They they didn't want to know, you know, and they believed if it was a closed adoption that meant closed forever and not closed but or closed until they didn't think about that part. So all they ever said was it was a closed adoption. So I grew up leaving that it was impossible to find them anyway. There's another reason to kind of unadopt and just forget about

everything and happen. Because if it's impossible, you know, I can either frustrate myself and be really pissed and be that angry adoptee person or just we ain't dealing with it and it didn't happen. So how did you find them? We were watching ATV talk show one night, and it was about adoption. It was a local talk show. Nobody, anybody here would ever have heard of people here in Cincinnati. And they had a panel and it was all done very civilly. So it wasn't like watching Maury

or any of those guys. They weren't screaming and crying. And it was sort of a point counterpoint with the pros and cons of finding people and so forth. And that's where they disclose that. If you already don't know about this House Bill 84 in Ohio says your records are open if you were born before January 1st, 1964. Wow. Husband and I looked at each other and went what? That's not what my parents were told, you know. And so that kind of was the trigger spark that got the ball rolling.

So it was 1987 at the time, and we didn't have kids yet. And I took down all the information. Oh, the birth mother who was on there was a member of Cub, Concerned United Birth Parents. And I didn't know. They had a local chapter here in town at the time. And it was open to everybody. It was not just for birth parents because there was nothing for adopted people at the time. Oh, but they were like they were saying on this talk show, you know, anybody.

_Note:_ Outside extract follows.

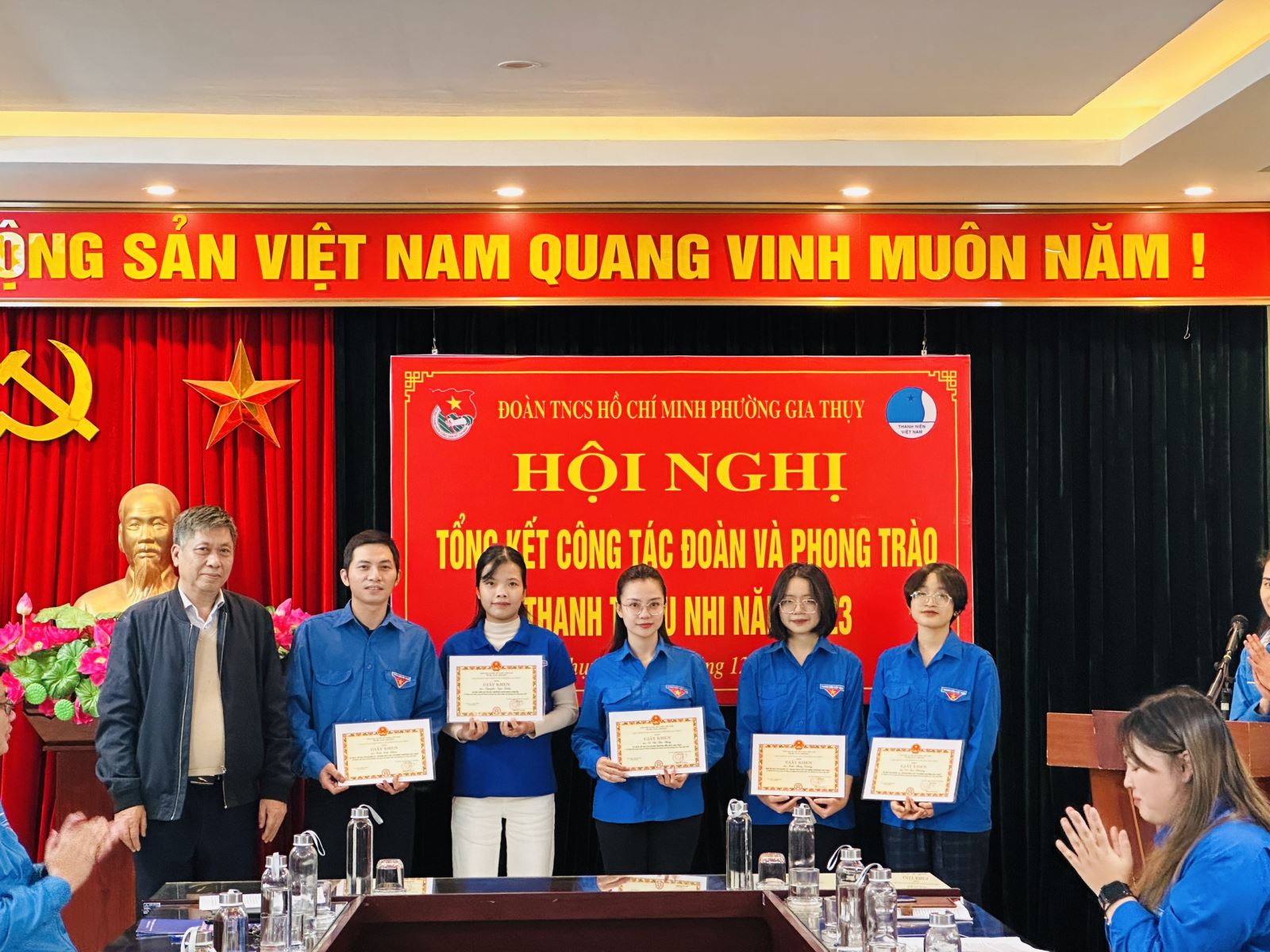 Để thực hiện tốt các mục tiêu, nhiệm vụ được giao, BCH Đoàn thanh niên trường Tiểu học Gia Thụy đã không ngừng học hỏi, tự bồi dưỡng nâng cao trình độ, chuyên môn nghiệp vụ, đổi mới các nội dung hoạt động và vận dụng phù hợp, sáng tạo, hiệu quả vào thực tế nhà trường. Nhờ có đổi mới cách thức hoạt động, vận dụng sáng tạo, phù hợp với điều kiện nhà trường, hoạt động của tổ chức Đoàn thanh niên trong nhà trường đã có những chuyển biến đáng kể, đạt được những kết quả nhất định, đem lại nhiều thành tích đáng tự hào, cụ thể: Chi đoàn đã được Chủ tịch Ủy ban nhân dân phường Gia Thụy trao tặng giấy khen ghi nhận thành tích công tác Đoàn và phong trào thanh thiếu nhi năm 2022 do phường tổ chức. Để đạt được thành tích đó phải kể đến sự nỗ lực phấn đấu của đồng chí Bí thư Chi đoàn Lê Thị Thu Thủy. Là một giáo viên trẻ nhưng tâm huyết với nghề, luôn tích cực trong các hoạt động do các cấp tổ chức, đồng chí cũng đã Chủ tịch Ủy ban nhân dân phường Gia Thụy trao tặng giấy khen ghi nhận những thành tích trong công tác Đoàn năm 2022.

And at the time, the Triad, now the Constellation. But, you know, anybody could go. So I decided I'm going to go to the meetings, check it out. You walk into these meetings with people and you're looking around like, could you be my cousin? Could you be right? Yeah. You know, you just that's how it is. And I met two friends there. One we're we're all friends to this day.

And so that's kind of cool. And first time I'd really been in a room with a bunch of other adopted people and an adoptive parent besides my own parents and with birth parents. And yeah, I mean, it really got me thinking. It really educated me and it was the best thing to do before

taking any other steps. So they told me, though, okay, here's how you do it. You write to Columbus or your state capital, send them the $20 certified check because they're raised to their money and you know, they send you a packet back. Whatever's in your file, it might be a Xerox copy. It might not be the actual documents because they still have to keep a file. Yeah, I've often thought, Gee, I should do it again and see if they send me the exact same papers, Right.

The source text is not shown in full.